In one of my previous posts: MySQL backups, I talked about using a script for automating backups. I show that we can use gzip to compress backup file to compress and save. Since then, our backup file has been growing meg or two a day which is causing our backup files to get bigger and bigger every day. We keep hourly backups for a week so you can imagine space usage is quite high.

I went and did few tests to see if its beneficial for us to use Bzip2 instead of gzip. I could’ve tried 7z also but that is not something installed on most linux machines I work on and I didn’t want use a solution which will require me to add more software. Here are the results:

Original sql file size: 584M
Using gzip: 166M
Time spent on compressing 1 minute 25 secs
Using bzip2: 125M
Time spent on compressing 1 minute 50 secs

As we can see that it takes longer to compress but file size is much smaller (adds up fast for multiple backups). As our database grows bigger and bigger, the size difference will matter quite a bit. Since we also ftp the file off the server to onsite/offsite location hourly as well.

Does anybody know of any backup techniques which we can use for free and we can do incrementals with? comments are always welcome.  To learn more about gzip or bzip2, see man gzip or man bzip2 respectively.

15 thoughts on “MySQL database backup file compression: gzip vs bzip2

  1. dudus

    You could keep a backup copy remote and locally. Then everytime you do a new backup you binary diff both and just submit the patch. So onsite you keep only the last one. And off site you keep an old one with several patches.
    Then you can apply some of this patches just to clenup once in a while.

    Just an idea

  2. Steven Haryanto

    There’s always rsync 🙂

    I’ve used rdiff-backup in the past, it’s pretty good albeit not very robust (fails with fatal error a lot in situations where it should have just retried or ignored the error). i’m now using rsync combined with some simple homebrewn script.

    Unix’s “cp -la” is also useful 🙂

  3. CrazyToon Post author

    Steven: what am I rsync’ing? are you talking about rsync’ing the db files themselves? if so, it does make it hard for us to go back to certain date ad pull data out if needed.

    dudus: intresting idea. I never heard anybody do this… I will look into it. Thanks!

  4. Martin

    For incremental backup I’d suggest using binary logs. Set max_binlog_size to something small and every time a new binlog file is started, copy the last one (I’m not sure if it is safe to copy the currently used binlog file as well).

    Even better would be a replication. Then you get a real-time copy of all transactions. That would also use less resources on the DB server, as all further copying and comression (hourly snapshots etc.) can take place on the backup server.

  5. CrazyToon Post author

    Shin: -9 creates a same size compressed file. -s creates 135 meg file. -s is used so bzip doesn’t use too much ram. therefore its not worth using since ram is not an issue here.

    Martin: we will be looking at replication in near future.
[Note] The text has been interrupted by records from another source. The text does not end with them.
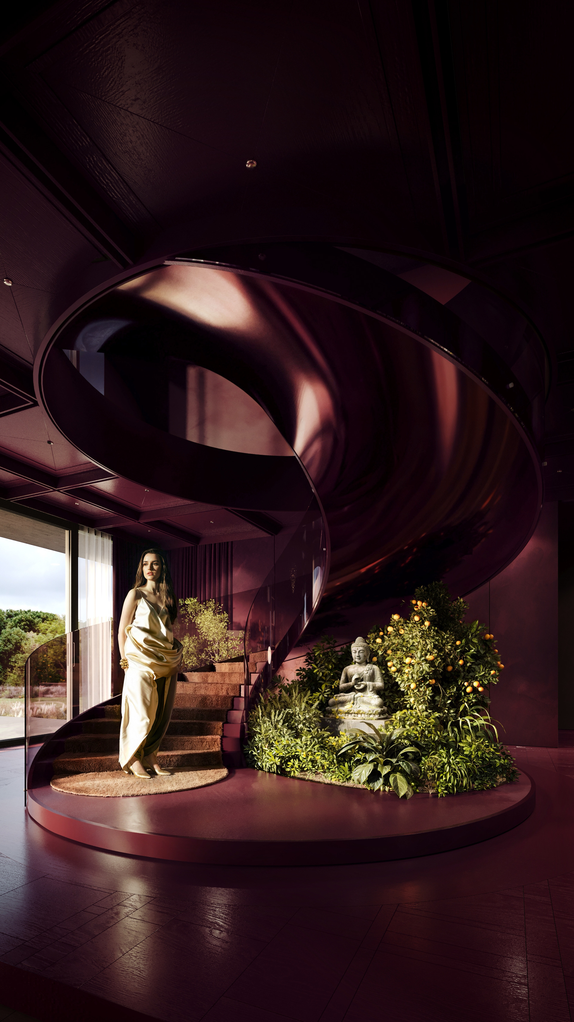 A sculptural spiral staircase, finished in high-gloss burgundy, becomes a striking focal point, leading the eye upward and enhancing the room’s grandeur. Nearby, lush greenery and citrus trees infuse the space with organic vibrancy, providing a refreshing juxtaposition to the structured furniture and architectural details.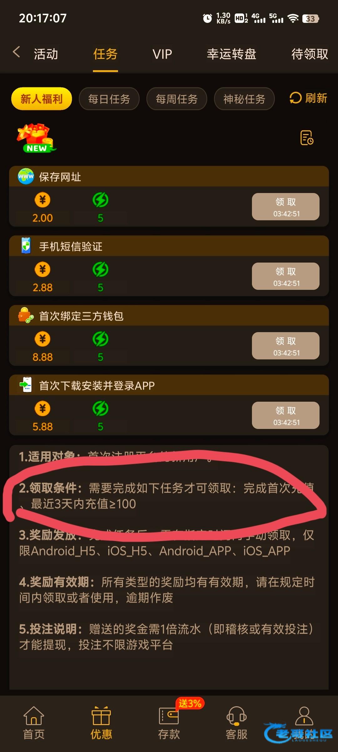 需要最近3天充值一百才能领取!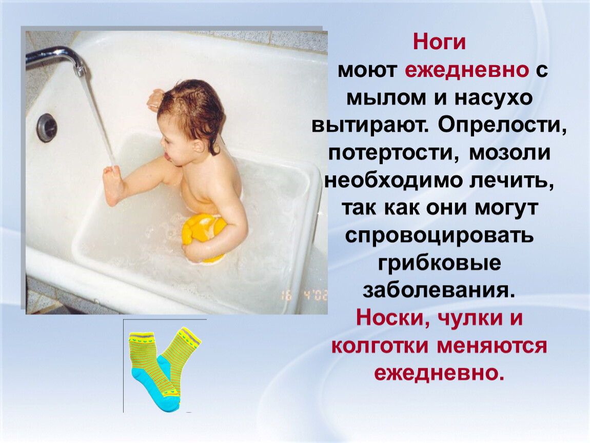 моют ежедневно с мылом и насухо вытирают. Опрелости, потертости, мозоли необходимо лечить, так как они могут спровоцировать грибковые заболевания.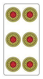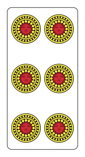 | Keywords: Piacentine-D6.svg 6 di denari delle carte da gioco piacentine Modiano Created with Inkscape self-made based on Image Piacentine deck jpg F l a n k e r PD-old Piacenza deck SVG playing cards Piacentine denari 06 Individual playing cards Piacentine denari 06 6 of Coins |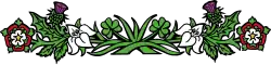 | Compartment | The entire coat of arms rests on the compartment, which is made up of the floral emblems of the founding nations.[17] The Tudor rose is the floral badge of England and Wales, combining the White Rose of York and the Red Rose of Lancaster.[30] The thistle and shamrock are the symbols of Scotland and Ireland, respectively, while the fleur-de-lis has been the royal symbol of France since the 12th century.[30][80] |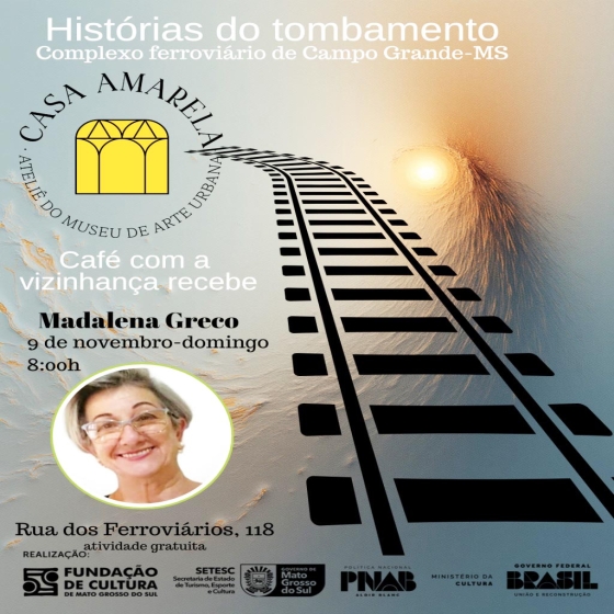 “Teremos quatro encontros ao longo desse período – nos dias 9 e 23 de novembro e 7 e 21 de dezembro, sempre aos domingos, a partir das 8h30. A ideia é reunir pessoas queridas em torno de um café e de boas conversas, resgatando histórias e afetos ligados à ferrovia. A cada encontro, será servido memórias e afetos junto ao tradicional ‘café da manhã do trem’, em conversas que relembram a história viva do Complexo Ferroviário de Campo Grande”, explica Tatiana De Conto, a arteterapeuta, idealizadora do projeto e gestora da Casa Amarela ao lado do artista Guido Drummond.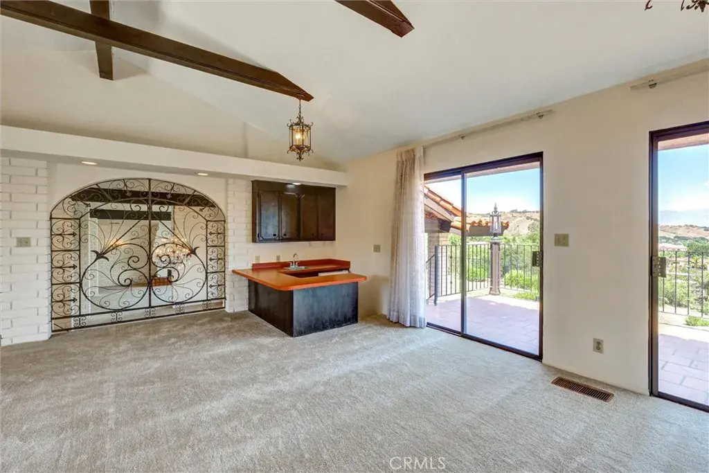 The light-filled living room features vaulted ceilings, and beautiful fireplace. The dining room boasts a Swarovski Crystal chandelier imported from Austria, and spectacular views of the San Gabriel Valley. The French doors in the dining room create seamless indoor-outdoor living.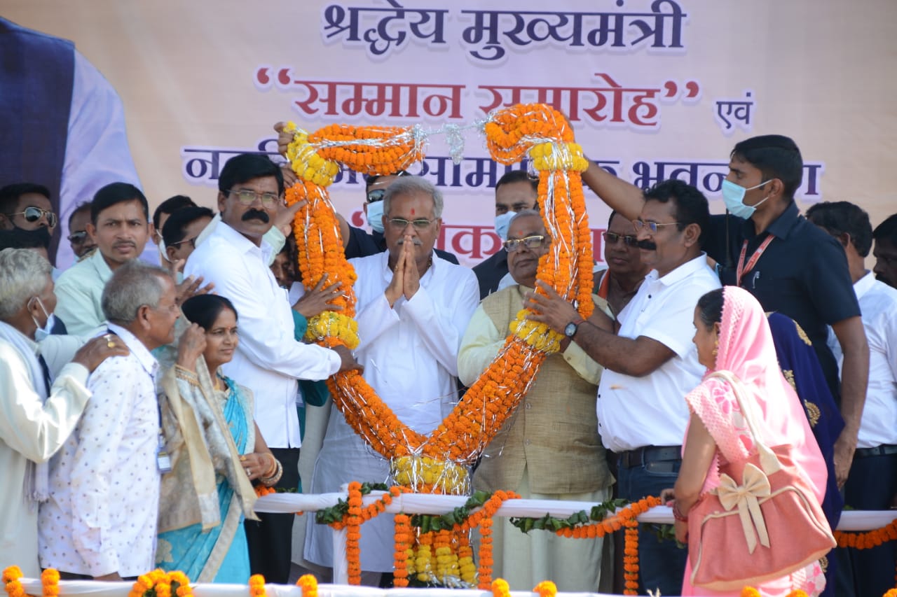 मुख्यमंत्री भूपेश बघेल ने साहू समाज की ओर से आयोजित सम्मान समारोह में भक्त माता कर्मा के जयकारे के साथ अपने उद्बोधन में कहा कि प्रदेश में गांवों के किसान एवं श्रमिक खुशहाल रहे, इसके लिए छत्तीसगढ़ सरकार द्वारा राजीव गांधी किसान न्याय योजना और भूमिहीन कृषि मजदूर न्याय योजना तथा श्रमिकों के कल्याण की योजनाएं शुरू की है।

Thanks for binlog comment. another thing for me to try.

  6. Casey

    Crazytoon: I believe Steven is saying you can use rsync on the actual dumps. So, the basic process would be:

    1. Create a new SQL file using MySQLdump
    2. Rsync the SQL file to your backup server.

    Martin does have good advice for incremental backups. The nice thing about that is when you do a full-backup (once a week?), you can delete the old binary logs to save space.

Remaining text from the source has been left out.